The sets were very attractive, though I was at times uneasy at the patchwork of style influences. Though the Jetson/Piranesi exteriors make some kind of sense, it is hard to see how a techno-Classicist society would produce such sybaritic, Southern California Pre-Raphaelite interiors. Maybe citizens of the artist class were smoking some kind of space weed. I suppose the mid-air water-ballet attended by Anakin and Palpatine is the design touchstone; if you can’t figure out what kind of civilization considers that a hot ticket, you may as well stop trying.
Still, there is one thing that excuses everything else, and that’s a good story. Revenge of the Sith is such a corker of a story that, having absolutely no affection for the genre, the style, the much-beloved and -merchandised characters, or the actors, I became engrossed, cared what happened next, palpably felt the coming of the resolution, and was satisfied at the end.
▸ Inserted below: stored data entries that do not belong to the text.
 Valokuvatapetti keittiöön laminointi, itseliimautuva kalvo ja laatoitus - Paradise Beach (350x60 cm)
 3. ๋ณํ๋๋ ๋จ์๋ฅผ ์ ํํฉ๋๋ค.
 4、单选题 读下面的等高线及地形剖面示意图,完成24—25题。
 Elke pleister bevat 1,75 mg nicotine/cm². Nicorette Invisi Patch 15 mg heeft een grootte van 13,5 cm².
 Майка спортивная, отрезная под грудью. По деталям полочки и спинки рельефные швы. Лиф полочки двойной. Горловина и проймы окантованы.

That, as they say, is entertainment; and though Lucas is the opposite of my ideal filmmaker, I have to admit that he has this vital aspect of making pictures down cold. When Kenobe and Anakin chase each other along a toppling oil-rig that is running down a lake of fire toward an abyss, I can easily imagine D.W. Griffith nodding in approval.
Also, though it’s no Donovan’s Reef, it has some wicked cool fight scenes. And I liked the clones and the Wookies and that big lizard Kenobe rode and… oh hell, there goes my cred.
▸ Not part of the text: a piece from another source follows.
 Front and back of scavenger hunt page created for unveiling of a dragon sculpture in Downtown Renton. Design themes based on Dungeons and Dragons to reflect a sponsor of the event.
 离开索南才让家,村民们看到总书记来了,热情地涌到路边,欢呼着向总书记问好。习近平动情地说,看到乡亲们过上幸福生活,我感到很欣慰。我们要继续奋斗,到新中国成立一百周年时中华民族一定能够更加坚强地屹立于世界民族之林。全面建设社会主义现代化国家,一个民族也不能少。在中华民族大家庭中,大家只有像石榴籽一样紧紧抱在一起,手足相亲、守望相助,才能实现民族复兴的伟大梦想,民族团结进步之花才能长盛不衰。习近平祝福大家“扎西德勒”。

As my regular readers know, I am the sort of dark, ratlike creature who revels in marginalia and sneers at the common herd with their bourgeois reality shows and blow-‘em-up adventure pics (and their Christmas! And their presents with their gaudy wrapping paper!), but I am really glad to have enjoyed a popular film on its first run, especially after running into the stoned kid outside the theatre (a young Ratso Rizzo played by Gino from Bay Ridge) who asked if we had just seen the movie and then bellowed, "It’s really good, right? Youse t’ought it was good? Like as good as the old Star Wars movies? I seen it four times! And I can’t wait to see it again! I got the bootleg, right? An’ it’s so clear – like sometimes you see people getting up an’ they’re shakin’ the camera, but this was just, like, the movie!" (Bootlegs have been like this for some time; obviously this was the first movie he cared to buy in that format.) "But wait’ll you see it in the IMAX! Oh, man." (Gestures indicative of blowing-away) Had he seen it? "No, that’s not coming out till like November."
How can you not feel good about a movie after that?
What it has to do with politics of any kind I can’t imagine.